### WHAT YOU SHOULD DO
Within the records below, find the line with "2月22日,《中华合作时报》" and the line with "プロダクトと作家モノのちょう", then reproduce exactly those two lines and all lines between them, without any picture.

### SOURCE INFORMATION
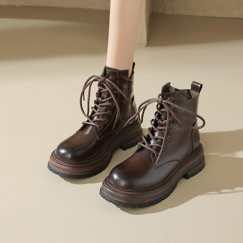真皮版~棕色马丁靴女2025秋冬新款厚底增高短靴小个子英伦风靴子
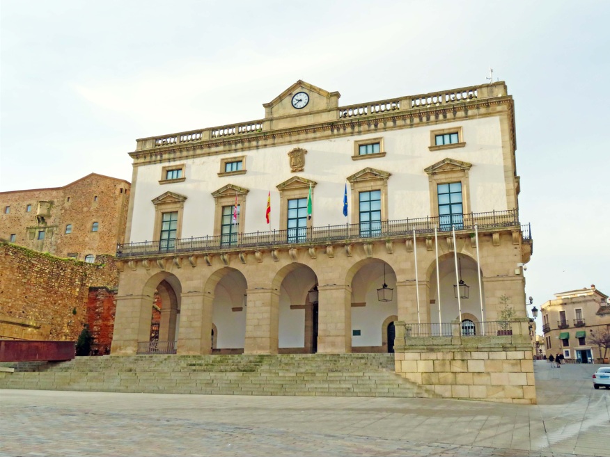 Ayuntamiento de Cáceres. Después de hacerte una foto en las famosas letras grandes de la ciudad, puedes empezar la visita a la Plaza Mayor por el Ayuntamiento. Construido entre 1867 y 1869, por el arquitecto vasco Ignacio María de Michelena en estilo neoclásico y con ciertas influencias del norte de España, este edificio preside la Plaza Mayor al encontrarse elevado sobre una escalinata. Merece la pena observar la fachada porticada con cinco arcos de medio punto, la balconada y el escudo de la ciudad de Cáceres, ubicado en la parte superior.
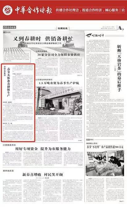 2月22日,《中华合作时报》A3版头条刊发《又到春耕时 供销备耕忙》,报道了中农集团干部职工春节坚守岗位,保障春耕农资供应。
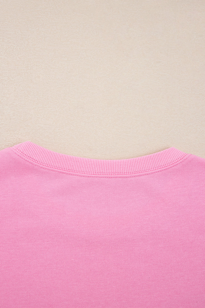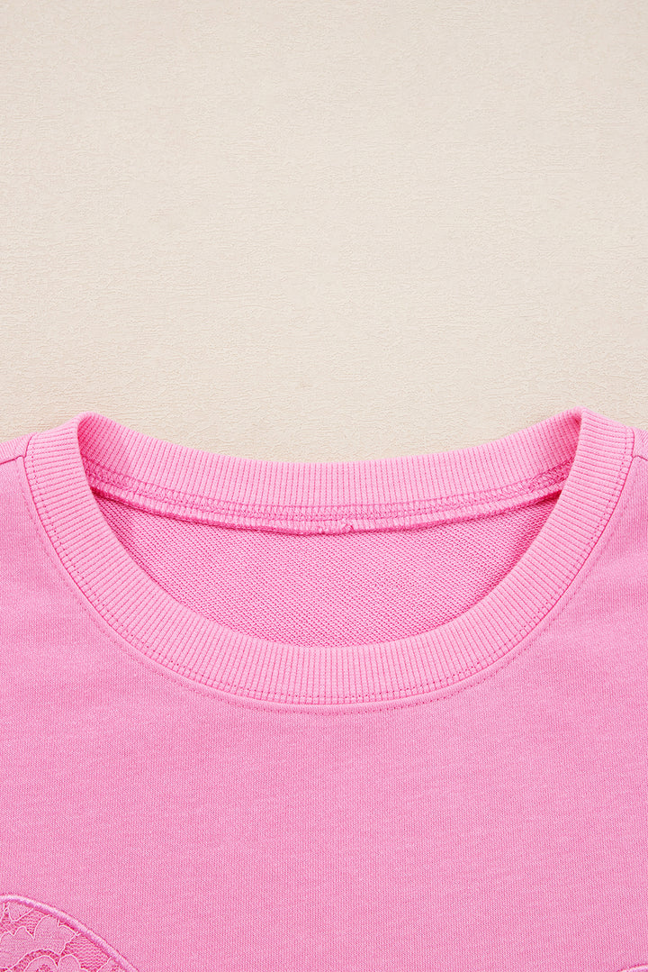 Pink Lace Bow Embroidered Dolman Sleeve Plus Size Sweatshirt
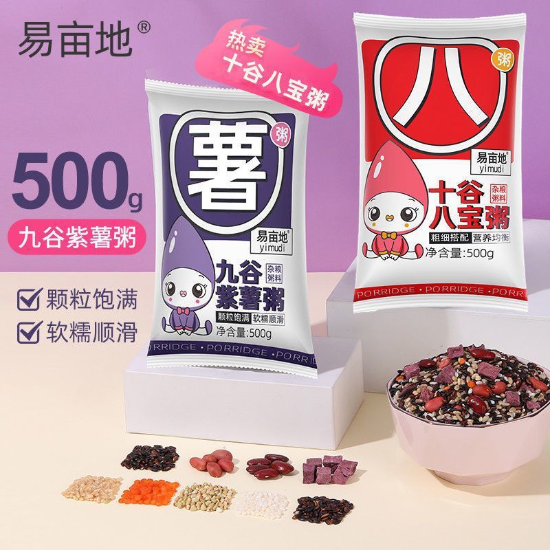 紫芋黒粥、五黒五赤気血粥、全粒朝食、全粒八宝粥の材料
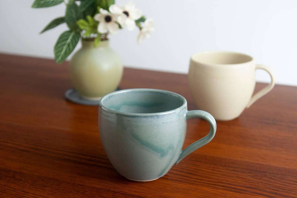 プロダクトと作家モノのちょうどあいだをいくようなコバヤシポタリースタジオの作品たち。まったく同じ形に見えてもよくみるとひとつずつ揺らぎがあり、それぞれ小林さんの手で作った一点ものです。 手になじみやすいカップやお料理が映えるお皿など、今回は本当にたくさんの作品が並びますので、ぜひ実物を手に取って見てくださいね。
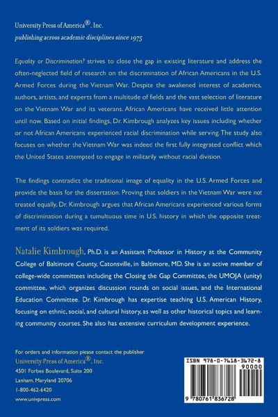 Equality or Discrimination? strives to close the gap in existing literature and address the often-neglected field of research on the discrimination of African Americans in the U.S. Armed Forces during the Vietnam War. Despite the awakened interest of academics, authors, artists, and experts from a multitude of fields and the vast selection of literature on the Vietnam War and its veterans, African Americans have received little attention until now. Based on initial findings, Dr. Kimbrough analyzes key issues including whether or not African Americans experienced racial discrimination while serving. The study also focuses on whether the Vietnam War was indeed the first fully integrated conflict in which the U.S. attempted to engage in militarily without racial division. The findings contradict the traditional image of equality in the U.S. Armed Forces and provide the basis for the dissertation. Proving that soldiers in the Vietnam War were NOT treated equally, Dr. Kimbrough argues that African Americans experienced various forms of discrimination during a tumultuous time in U.S. history in which the opposite treatment of its soldiers was required.
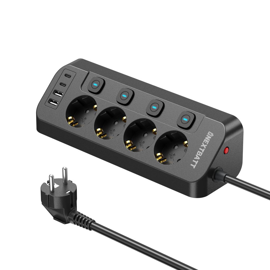 623304-fach Steckdosenleiste mit 2x USB-C + 2x USB-A 1.8m Schwarzhttps://www.phonelife.de/ladegerate-kabel/zubehor-ladegerate-kabel/4-fach-steckdosenleiste-mit-2x-usb-c-2x-usb-a-1-8m-schwarz?channelCountry=DEhttps://www.phonelife.de/pub_images/original/0_-_-_5_-_-_1_fVm0KOOOwFm6T101C86aI.jpgInStock27.95EUR/ladegerate-kabel/zubehor-ladegerate-kabelNEXTBATT<p>Verbessern Sie Ihre Stromversorgung mit der Steckdosenleiste von NEXTBATT, die Funktionalität, Sicherheit und effizientes Laden kombiniert. Mit vier AC-Steckdosen und vier USB-Ports, 2x USB-C und 2x USB-A, können Sie mehrere Geräte gleichzeitig einfach und organisiert laden. Die Steckdosenleiste eignet sich ideal für Zuhause und Büro, wo ein hoher Bedarf an schneller und stabiler Stromversorgung besteht. Das 1,8 Meter lange Kabel ermöglicht eine flexible Platzierung, während die robuste Konstruktion auch leistungsstärkere Geräte problemlos versorgt. Eine optimale Lösung für Smartphones, Tablets und andere elektronische Geräte mit Fokus auf Leistung und sichere Nutzung. Das intelligente dreieckige Design mit einem 90-Grad-Winkel sorgt dafür, dass die Steckdosenleiste problemlos in Ecken, entlang von Wänden oder unter Tischkanten passt und eine diskrete sowie platzsparende Installation ermöglicht.</p>
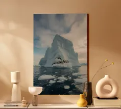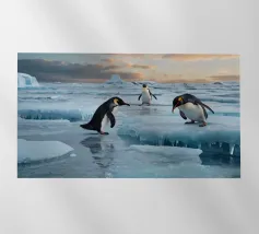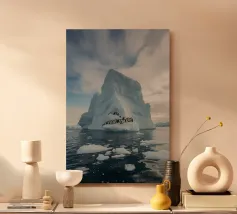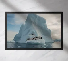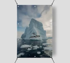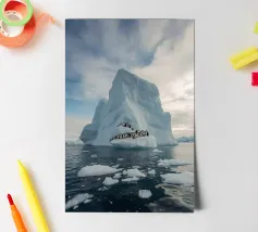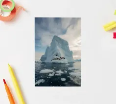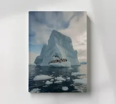 Pinguini su un iceberg in acque fredde pellicola backlit
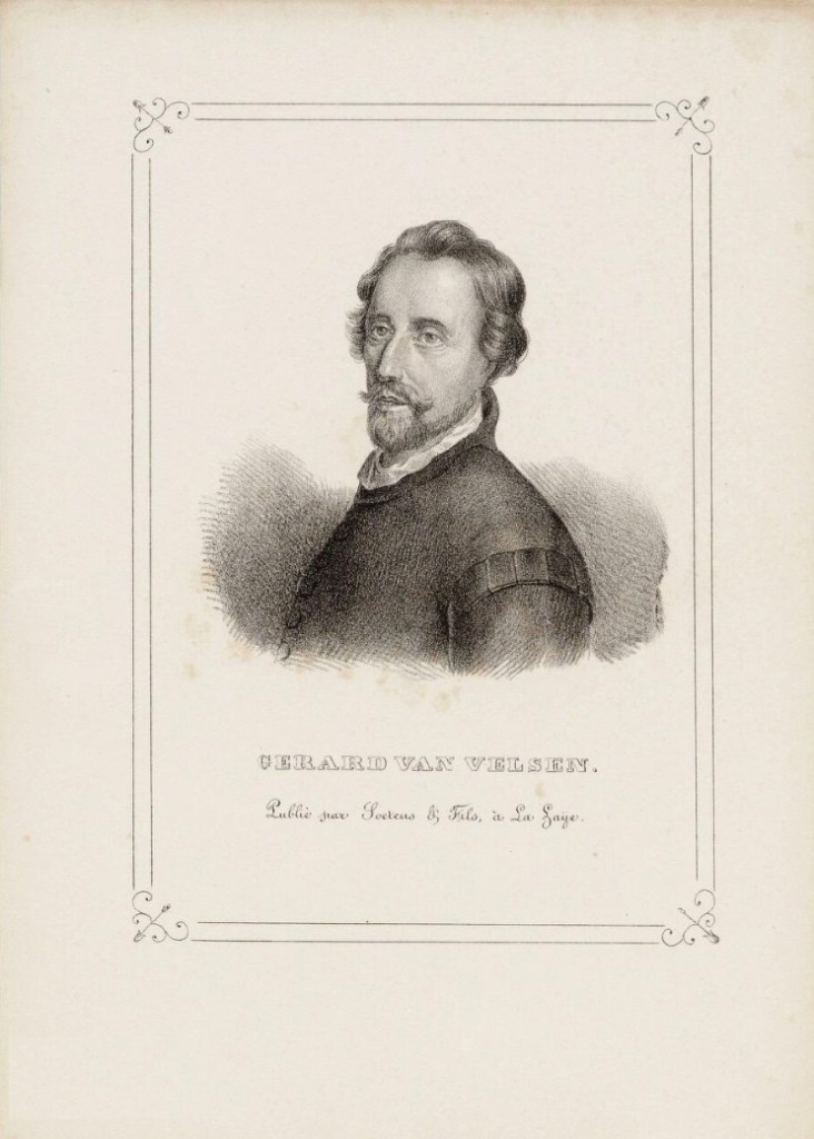 Gerard van Velsen, Heer van Velsen, Noordwijk en Kronenburg. Moordenaar van Floris V. Jaja. Ik heb over hem welderis eerder geschreven, maar kom nu weer een nieuw portret van hem tegen. Van Velsen figureert in de Gijsbrecht van Aemstel van Joost van de Vondel, maar er is ook een apart toneelstuk aan hem gewijd, geschreven door P.C. Hooft.

### EXERCISE ANSWER
 2月22日,《中华合作时报》A3版头条刊发《又到春耕时 供销备耕忙》,报道了中农集团干部职工春节坚守岗位,保障春耕农资供应。
 Pink Lace Bow Embroidered Dolman Sleeve Plus Size Sweatshirt
 紫芋黒粥、五黒五赤気血粥、全粒朝食、全粒八宝粥の材料
 プロダクトと作家モノのちょうどあいだをいくようなコバヤシポタリースタジオの作品たち。まったく同じ形に見えてもよくみるとひとつずつ揺らぎがあり、それぞれ小林さんの手で作った一点ものです。 手になじみやすいカップやお料理が映えるお皿など、今回は本当にたくさんの作品が並びますので、ぜひ実物を手に取って見てくださいね。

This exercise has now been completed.